But we can abstractly perform the relabeling directly from the list of components, so that's nice.

        topo = [" = ".join(sorted(c)) if len(c) > 1 else list(c)[0] for c in components]
        topo.reverse()

Now we are ready to build the transitive reduction. We must first build the transitive closure, and then build the reduction from that.

        closure = self.closure(topo)
        return closure.reduce(topo)

Our encoders. The JSON encoder just inverts our JSON decoding from earlier.

    def toJSON(self, verts):
        acc = 0
        for i, (u, v) in enumerate(combinations(verts, 2)):
            if v in self.graph[u]:
                acc |= 1 << i
        return json.dumps([list(verts), acc])

The DOT output is a little more interesting, but not by much.
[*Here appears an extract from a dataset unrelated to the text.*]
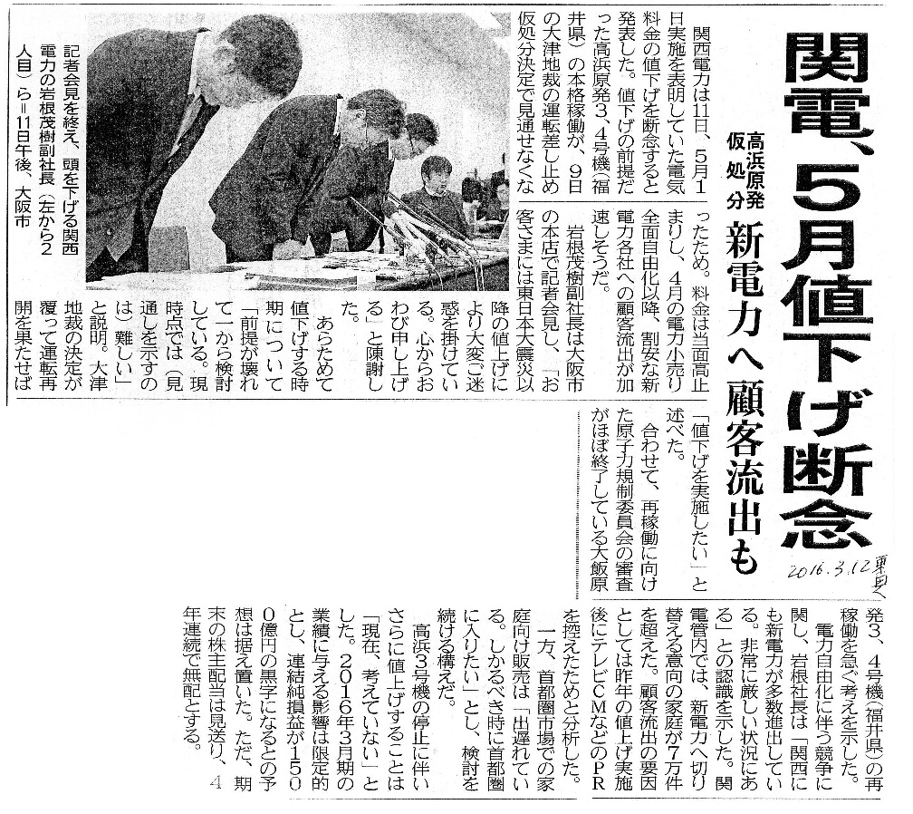 | [2016_03_12_02]関電、5月値下げ断念 高浜原発仮処分 新電力へ顧客流出も(東奥日報2016年3月12日) |

We don't emit a full graph here but only the pieces, so that we can cleanly emit several graphs into a single DOT file.

    def toDOT(self, attr=None):
        pieces = []
        for k in sorted(self.graph.keys()):
            for v in sorted(self.graph[k]):
                if attr is None:
                    edge = '"%s" -> "%s";' % (k, v)
                else:
                    edge = '"%s" -> "%s" [%s];' % (k, v, attr)
                pieces.append(edge)
        return "\n".join(pieces)

At this point, the rest of the file is the imperative goo to actually make things work, and it's all in quite a bit of flux so it's not really worth explaining in detail to me yet.

def getPoset(filename):
    with open(filename, "rb") as handle:
        return Poset.fromText(handle.read())

def compile(rest):
    filename, = rest
    p = getPoset(filename)
    reduced = p.compile()

    # Build a cheap succinct representation.
    with open(filename + ".json", "wb") as handle:
        handle.write(reduced.toJSON(topo))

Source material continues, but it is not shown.